Items from a dataset:
- - - - - - -
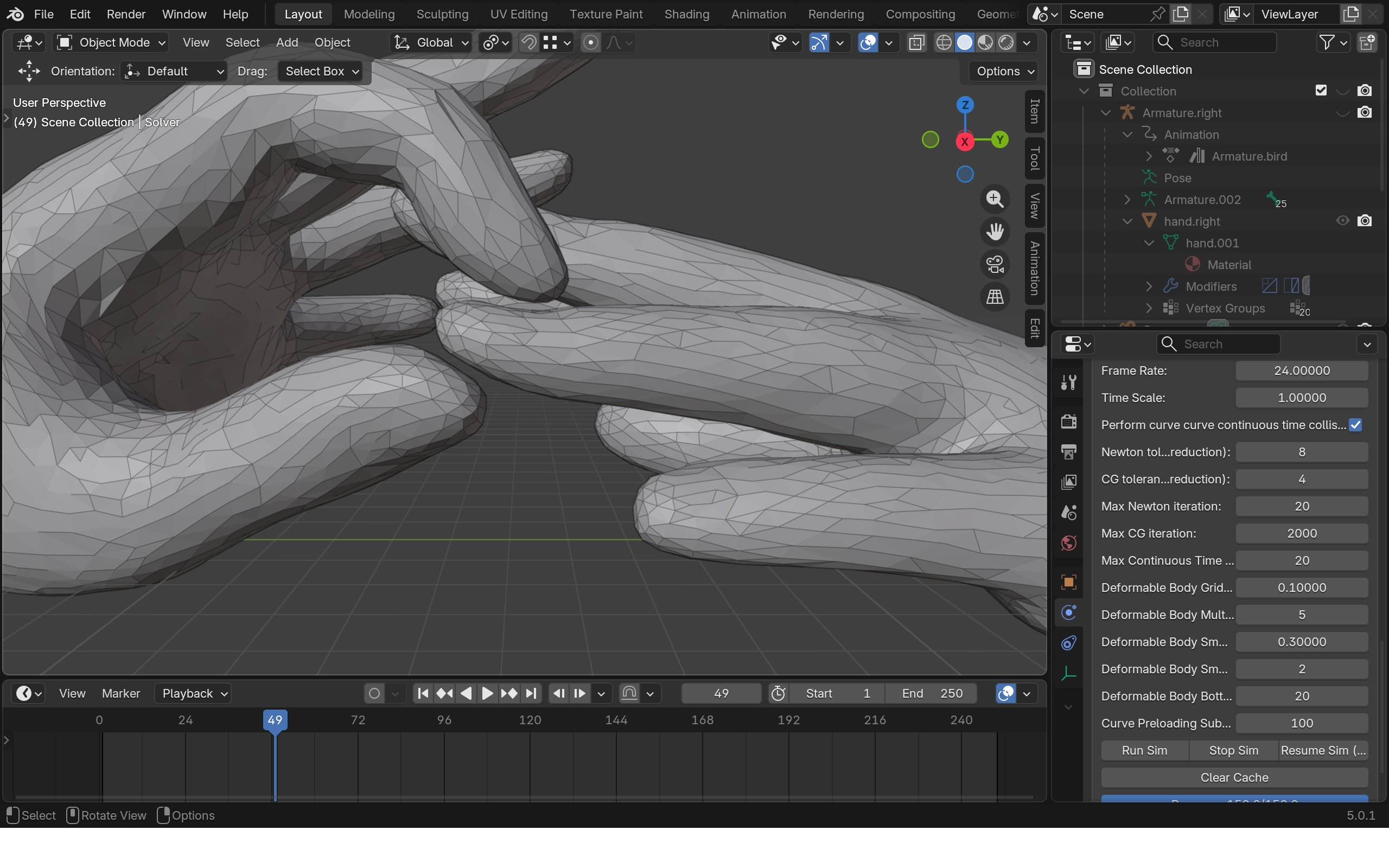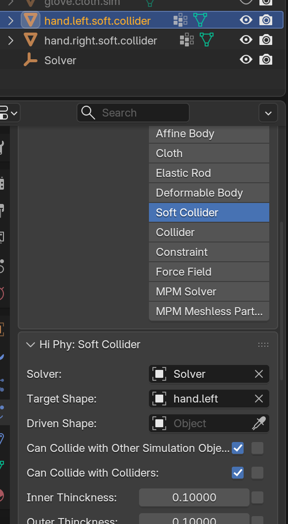 - To create the soft colliders, select hand.right/left.soft.collider, goto the physics panel, turn on HiPhy, select Soft Collider. Choose the solver object for the Solver parameter and the corresponding animated hand mesh for the Target Shape parameter.
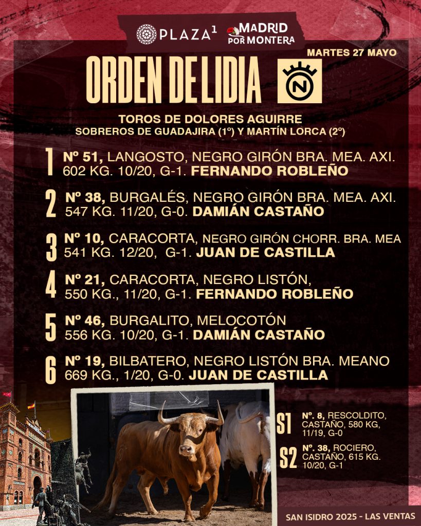 Seis toros de Dolores Aguirre aguardan ya en los chiqueros de la Plaza de Toros de Las Ventas para la decimosexta cita de la Feria de San Isidro 2025. Esta tarde, a las 19:00h., harán el paseíllo Fernando Robleño, Damián Castaño y Juan de Castilla.
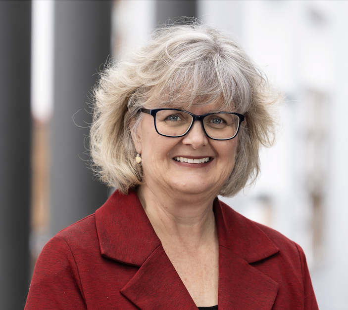 Roksolana Suchowerska, Senior Lecturer in Social Impact at the Centre for Social Impact, Swinburne, smiling in a brightly lit indoor setting. She has long, light brown hair and is wearing a colourful patterned top, with a warm and professional expression.
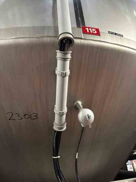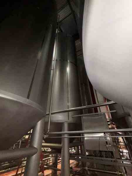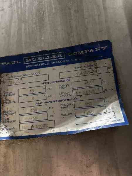 Used 16600 Gallon 304 Stainless Steel tank, jacketed, cone bottom. Manufactured by Mueller. Dished head. 10' 1 7/8" OD x 36' 11 3/8" Tall. Shell rated 15 psi @100F. Jacket rated 100 psi @100F. Weight 13200 lbs. Built 1995. Serial #164563-11. Previous use: 400 BBL brewery fermentation vessel.
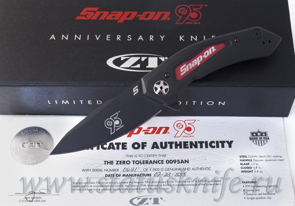 Лимитированная партия из 1000 штук 0095AN (Snap-On 95 Anniversary). Нож сделан на базе популярной модели Zero Tolerance 0095.
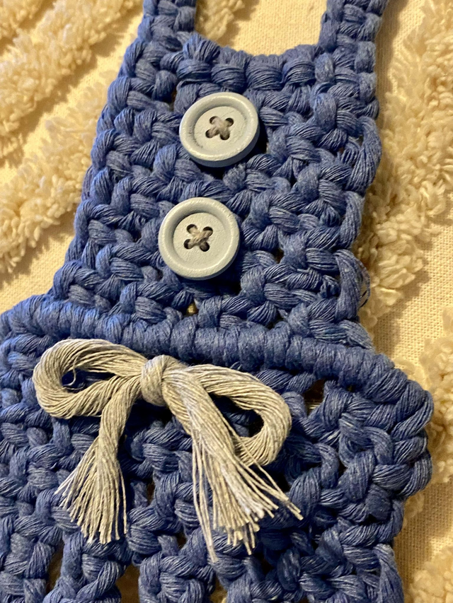 Salopette bleue - Décoration chambre d'enfant en macramé
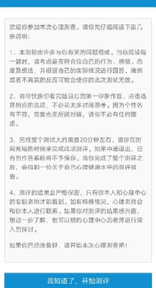 心理测试问卷内容不涉及道德评价、没有对错之分,请本人如实、认真地在手机上作答。测验结果严格按照《中华人民共和国精神卫生法》保密,仅作存档使用,不做为复试考核和确定是否录取的依据。
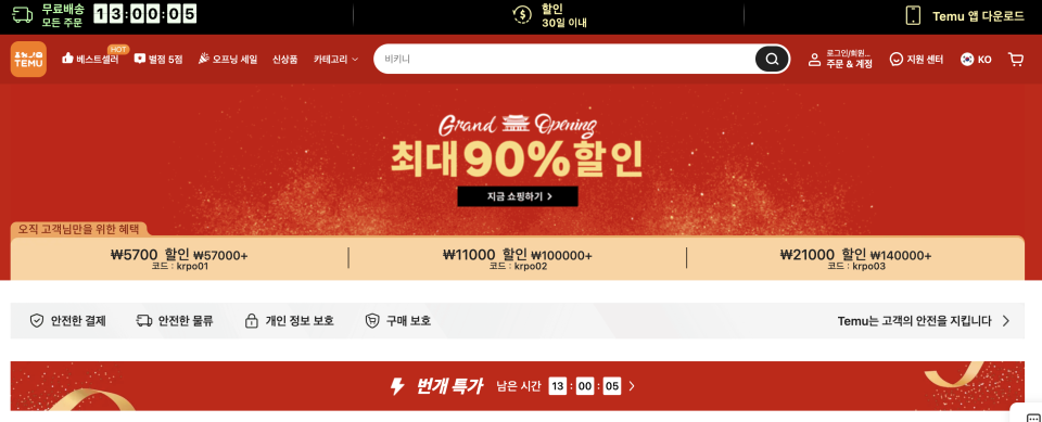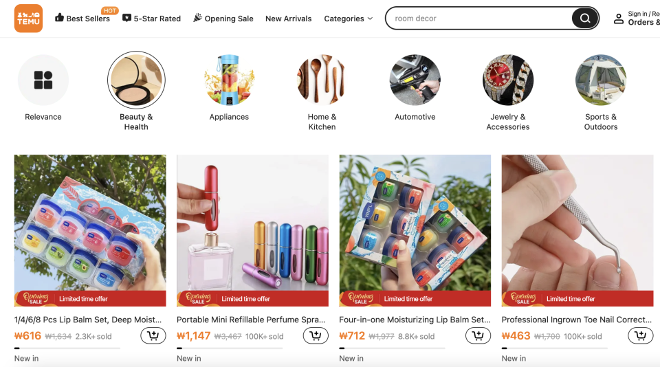 打開Temu剛剛上線的韓國站,首頁置頂跳動的字符直接告訴用戶——已經(jīng)“砍”掉了商品原價(jià)的90%。在這里,你可以用500韓元(約2.8元)左右的價(jià)格買一個針線包,也可以花不到2萬韓元(約110元)買一個空調(diào)扇。
- - - - - - -
Work item » Only text belongs in the copy: repeat each line of the data exactly and leave out the pictures.

Answer for the task »
 - To create the soft colliders, select hand.right/left.soft.collider, goto the physics panel, turn on HiPhy, select Soft Collider. Choose the solver object for the Solver parameter and the corresponding animated hand mesh for the Target Shape parameter.
 Seis toros de Dolores Aguirre aguardan ya en los chiqueros de la Plaza de Toros de Las Ventas para la decimosexta cita de la Feria de San Isidro 2025. Esta tarde, a las 19:00h., harán el paseíllo Fernando Robleño, Damián Castaño y Juan de Castilla.
 Roksolana Suchowerska, Senior Lecturer in Social Impact at the Centre for Social Impact, Swinburne, smiling in a brightly lit indoor setting. She has long, light brown hair and is wearing a colourful patterned top, with a warm and professional expression.
 Used 16600 Gallon 304 Stainless Steel tank, jacketed, cone bottom. Manufactured by Mueller. Dished head. 10' 1 7/8" OD x 36' 11 3/8" Tall. Shell rated 15 psi @100F. Jacket rated 100 psi @100F. Weight 13200 lbs. Built 1995. Serial #164563-11. Previous use: 400 BBL brewery fermentation vessel.
 Лимитированная партия из 1000 штук 0095AN (Snap-On 95 Anniversary). Нож сделан на базе популярной модели Zero Tolerance 0095.
 Salopette bleue - Décoration chambre d'enfant en macramé
 心理测试问卷内容不涉及道德评价、没有对错之分,请本人如实、认真地在手机上作答。测验结果严格按照《中华人民共和国精神卫生法》保密,仅作存档使用,不做为复试考核和确定是否录取的依据。
 打開Temu剛剛上線的韓國站,首頁置頂跳動的字符直接告訴用戶——已經(jīng)“砍”掉了商品原價(jià)的90%。在這里,你可以用500韓元(約2.8元)左右的價(jià)格買一個針線包,也可以花不到2萬韓元(約110元)買一個空調(diào)扇。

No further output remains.